Holder decided to track down the seller himself and came across an internet forum dedicated to people who'd suffered the same fate. "Soon we set up another forum with 14 other victims and we started to compare notes, trying to track him down through bank details," says Holder.
"He was carrying out several different frauds, using several different accounts and many hijacked, legitimate accounts. He is purporting to sell everything from plasma TVs to outboard motors."
Through the forum, Holder also found that another victim had managed to get Hampshire police to take the matter seriously. The constable involved diligently collated the evidence gathered by the forum members and is updating them on his progress via email.

But in an update sent on 5 December, the Hampshire PC admits he has been overwhelmed by the flood of people reporting Ebay fraud to him. "I will be quite honest and say that I never believed the number of victims would grow so fast," his message reads. "I have been away for two days and came back to almost 100 emails."

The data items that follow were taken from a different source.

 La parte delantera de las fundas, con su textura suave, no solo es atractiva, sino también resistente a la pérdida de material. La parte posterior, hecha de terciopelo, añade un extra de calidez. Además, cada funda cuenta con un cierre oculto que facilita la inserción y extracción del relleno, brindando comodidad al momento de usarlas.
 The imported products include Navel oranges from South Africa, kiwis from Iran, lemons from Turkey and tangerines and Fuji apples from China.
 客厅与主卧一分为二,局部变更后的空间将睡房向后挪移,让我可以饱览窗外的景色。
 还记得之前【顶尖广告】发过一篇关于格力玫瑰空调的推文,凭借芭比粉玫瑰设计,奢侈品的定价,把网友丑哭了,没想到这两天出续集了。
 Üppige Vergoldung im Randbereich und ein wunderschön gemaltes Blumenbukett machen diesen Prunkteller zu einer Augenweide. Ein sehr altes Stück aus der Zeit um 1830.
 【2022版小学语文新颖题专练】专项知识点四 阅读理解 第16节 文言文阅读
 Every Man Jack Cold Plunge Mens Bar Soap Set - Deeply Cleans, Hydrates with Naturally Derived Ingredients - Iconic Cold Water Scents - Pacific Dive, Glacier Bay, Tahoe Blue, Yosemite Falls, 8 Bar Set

The constable tells the forum members he can only investigate crimes that have been committed in Hampshire, and implores them to report incidences of Ebay fraud to their local station. However, he later concedes that the other forces may fail to investigate the crimes if they learn of his own probe. "DO not tell your local force that I am collecting all the crimes as they will not then start the investigation and we will lose valuable time," his message reads. "Instead, you can explain to them that Hampshire has an investigation started on certain suspects but they must make the link first."

Widespread crime
The policeman's email reveals the scale of the auction fraud. "Ebay has a big problem and there are many people trying this scam all over the UK," it says. "I appreciate that this is frustrating for you all, but you have to understand that I have to (and only allowed to) [sic] investigate crimes that have been committed in my force area."

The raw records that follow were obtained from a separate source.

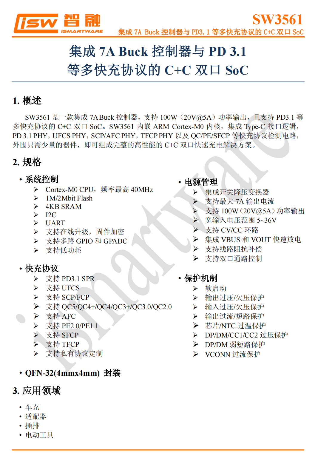 1、内置MCU无需外挂,智融科技推出全新PD3.1快充SOC芯片SW3561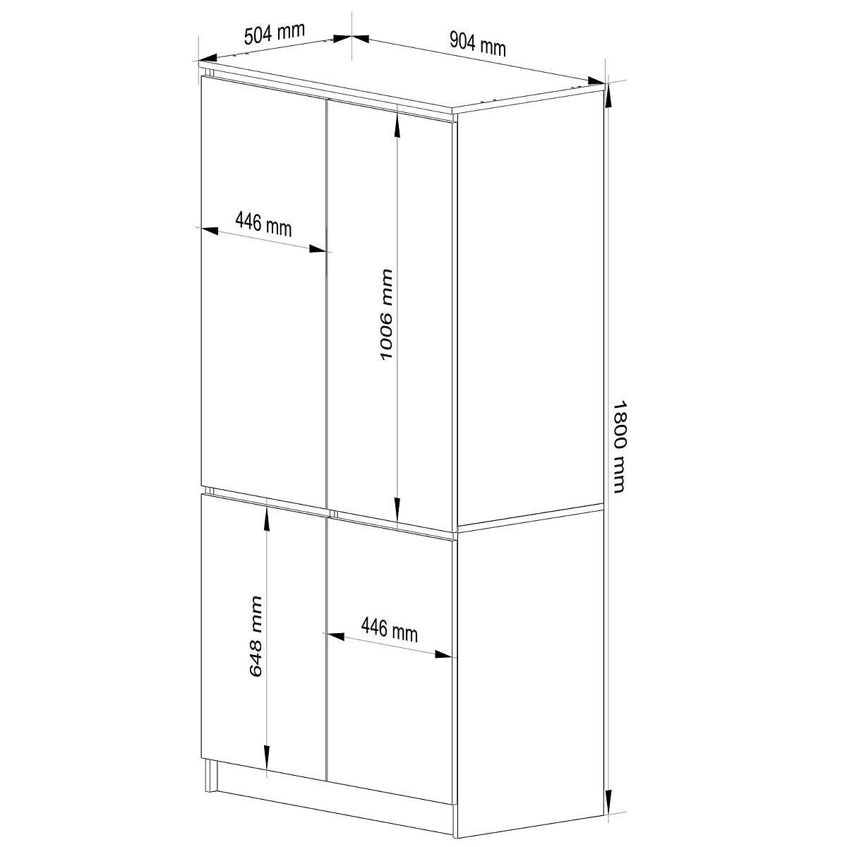 A négyajtós szekrény univerzális és praktikus bútordarab, amely kiválóan kiegészíti a hálószoba, előszoba vagy nappali berendezését stúdió típusú belső terekben. Az elegáns kivitel és a fehér szín biztosítja, hogy a szekrény tökéletesen illeszkedik klasszikus és modern elrendezésekbe egyaránt. A szekrény tágas polcokkal van felszerelve, amelyek ideálisak ruhadarabok vagy tartalék ágyneműhuzatok, lepedők, asztalterítők vagy takarók tárolására. Az ajtók mögött elhelyezett részben ruhatartó rúd található. A polcok használhatók pulóverek, blúzok, táskák, de akár törölközők tárolására is. A rúd pedig öltönyök, ruhák, szoknyák és felsőruházat, például kabátok vagy dzsekik felakasztására szolgál. A bútor gondos kidolgozása a legjobb minőségű, kopásálló laminált lapból készült. A szekrény élei esztétikus ABS élzárással vannak lezárva.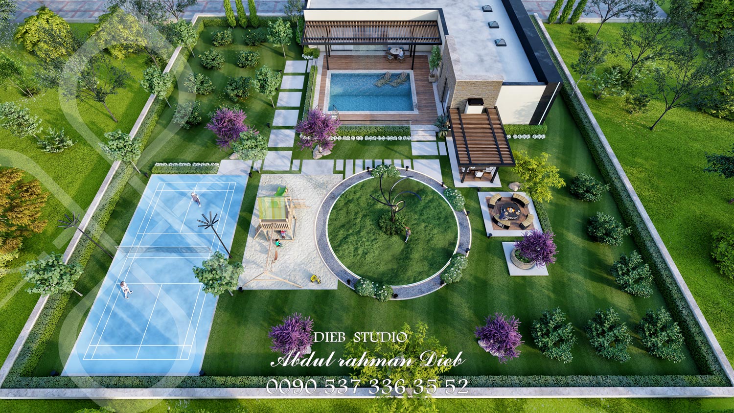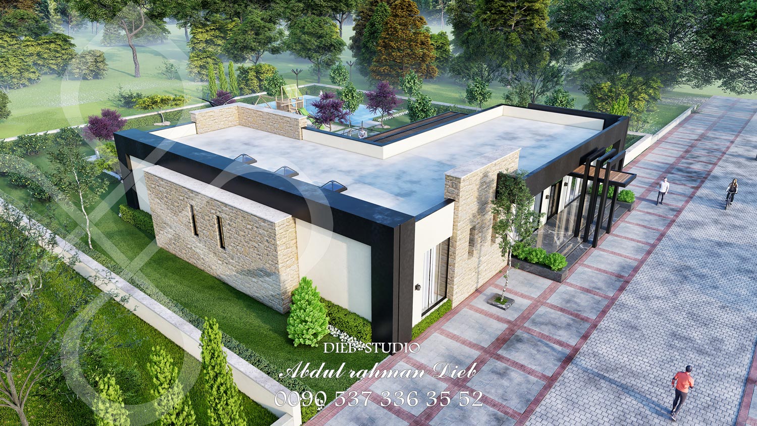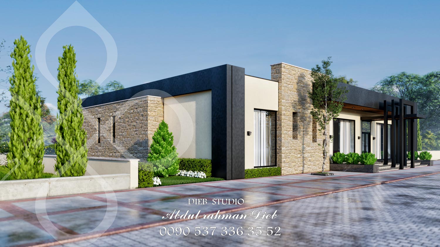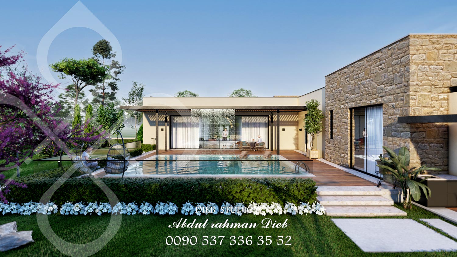 Modern one-story villa with a contemporary design and warm lighting. Experience a luxurious and sophisticated living space.

Indeed, the scale of the victims' frustration leads the police officer to make a plaintive plea for calm. "Please continue to send me information that you feel is important... And please no swearing, some have contained inappropriate language which I then have to explain to my boss."
Hampshire Police was unavailable for comment at the time of publication.
Ebay insists it takes customer security seriously. "Our first priority is to maintain a safe and secure site for our customers and we work closely with law enforcement agencies to ensure that any criminal activity is detected and stopped before any harm is done," it claims in a statement. "The level of transparency on Ebay is far greater than anywhere on the high street and, this year, we have so far helped to secure over 200 arrests. Anyone thinking about misusing Ebay should think again."

E-crime unit

The leaked email will reignite calls for a central police department that handles reports of e-crime. The House of Lords Inquiry into Personal Internet Security recommended just that earlier this year, but its proposals were rejected by the government. "Unfortunately, the government dismissed every recommendation out of hand, and its approach seems to solely consist of putting its head in the sand," Inquiry member Lord Erroll said at the time.
Writing in PC Pro earlier this year, Shadow Home Secretary, David Davis, said the UK had become a soft touch for e-crime. "Government has got to get a grip and get a grip quickly," he wrote. "At the local level this means making it a lot easier for victims of online crime to make a report to the police directly or by other channels and know that the information they give will be used.
"The United States has had an Internet Crime Complaint Centre or IC3 for some seven years. It is long past time that we developed something similar," he wrote.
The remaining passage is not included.